Der Großteil seiner Anti-LGBTQ+-Ziele liegt in der Priorität „Stellen Sie die Familie an die erste Stelle“, in dem die Heritage Foundation erklärt, dass „jedes gezeugte Kind es verdient, von einer verheirateten Mutter und einem verheirateten Vater geboren zu werden, die es ein Leben lang lieben, führen und beschützen.“
Die Organisation behauptet weiter, dass „Familienzerfall und grassierende Abtreibungen die Seele unseres Landes zerreißen und ihm Stärke und moralische Autorität rauben“, während „radikale Ideologien, die soziale und biologische Wahrheiten über sexuelle Verkörperung, Ehe und ungeborenes Leben leugnen, unsere Gerichte, unsere Kultur und unsere Gesetze vergiften.“
„Das Heritage-Unternehmen wird die Politik auf Landes- und Bundesebene vorantreiben, um die Kernfamilie wieder in den Mittelpunkt des amerikanischen Lebens zu rücken und sowohl die Nachfrage als auch das Angebot an Abtreibungen in allen Phasen der menschlichen Entwicklung zu reduzieren“, heißt es abschließend.
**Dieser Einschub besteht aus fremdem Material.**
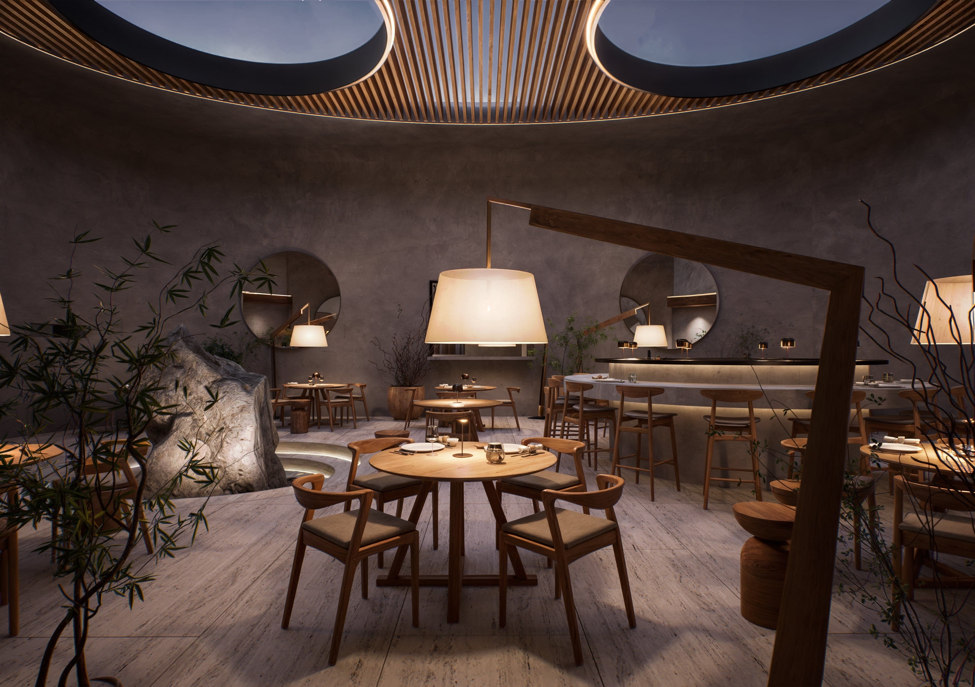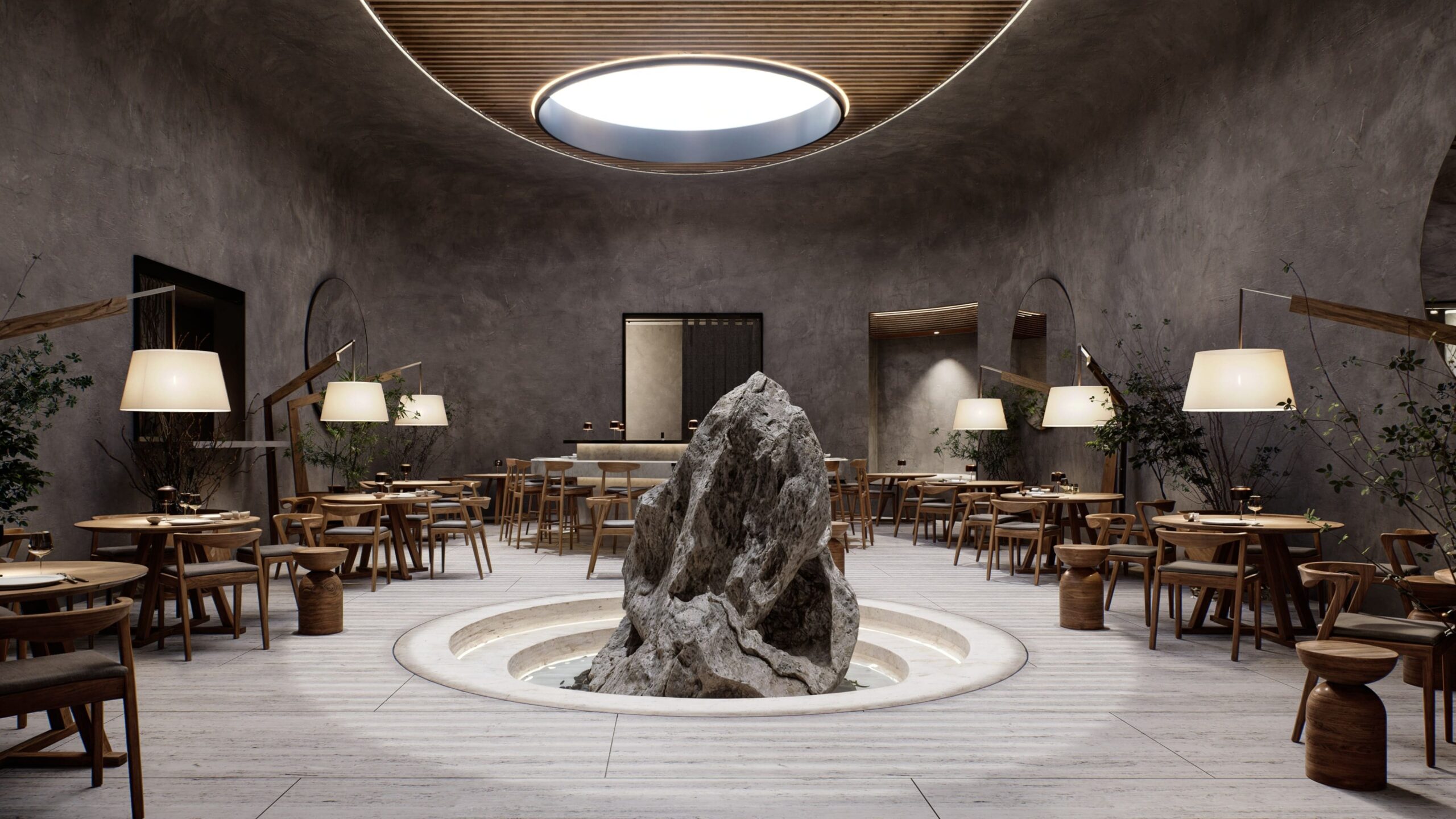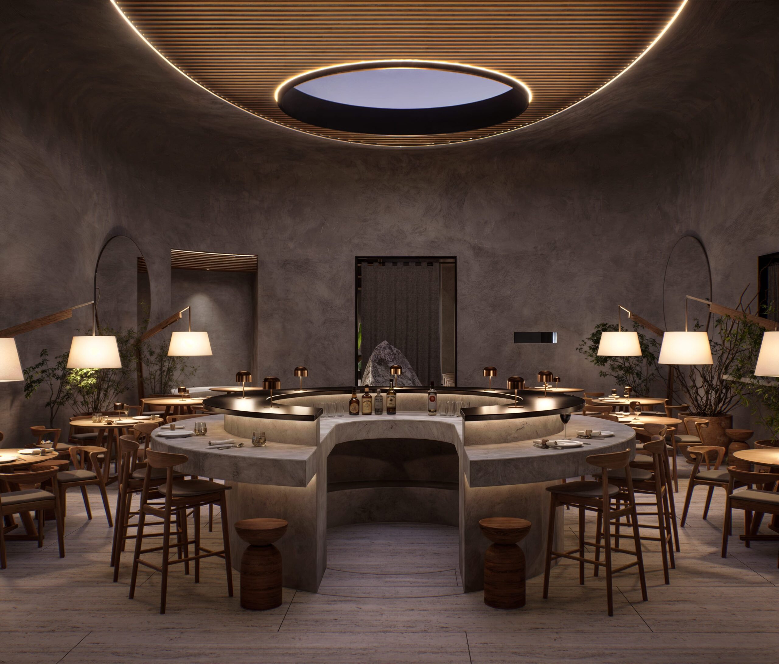 El restaurante cuenta con una secuencia de espacios conectados, siendo el corazón del diseño un salón principal con una apertura ovalada de 12 x 6 metros, enmarcando una piedra monolítica de casi 3 metros de altura. Al fondo del salón, una barra circular reflejada en el techo completa la estructura.

Diese Formulierung scheint die gleichgeschlechtliche Ehe abzulehnen, da sie den Schwerpunkt darauf legt, dass Kinder von einem verheirateten Vater und einer verheirateten Mutter geboren werden. Sie scheint sich auch der Transgender-Identität zu widersetzen, da sie Ideologien verurteilt, die „soziale und biologische Wahrheiten über die sexuelle Verkörperung leugnen“ – dies steht im Einklang mit einem langjährigen Kampf der Heritage Foundation gegen Transsexuelle.
An anderer Stelle bringt die Heritage Foundation ihre Anti-Trans-Ansichten in einer Priorität mit dem Titel „Erweiterung der Bildungsfreiheit“ zum Ausdruck, in der die Gruppe erklärt, dass das Bildungssystem „unsere Kinder im Stich lässt“ durch „die Geißel aufgeweckter Ideen wie kritischer Theorie und radikaler Gender-Ideologie“. Der Begriff „radikale Geschlechterideologie“ wird von Konservativen häufig verwendet, um sich auf trans- und nichtbinäre Identitäten zu beziehen.
Die Heritage Foundation gibt es schon seit 1973als es von Konservativen gegründet wurde, die Präsident Richard Nixon für zu liberal hielten und sowohl den Fiskalliberalismus als auch die Expansion der Bundesregierung fürchteten. Die Kampagnen gegen LGBTQ+-Rechte sind von Anfang an konsequent Beratung mit Der damalige Gouverneur Mitt Romney sollte Wege finden, um die Umsetzung der Legalisierung der Homo-Ehe in Massachusetts zu verhindern, bis hin zur Lobbyarbeit gegen den während des Titels IX eingeführten Schutz für Trans-Studenten Obama-Regierung.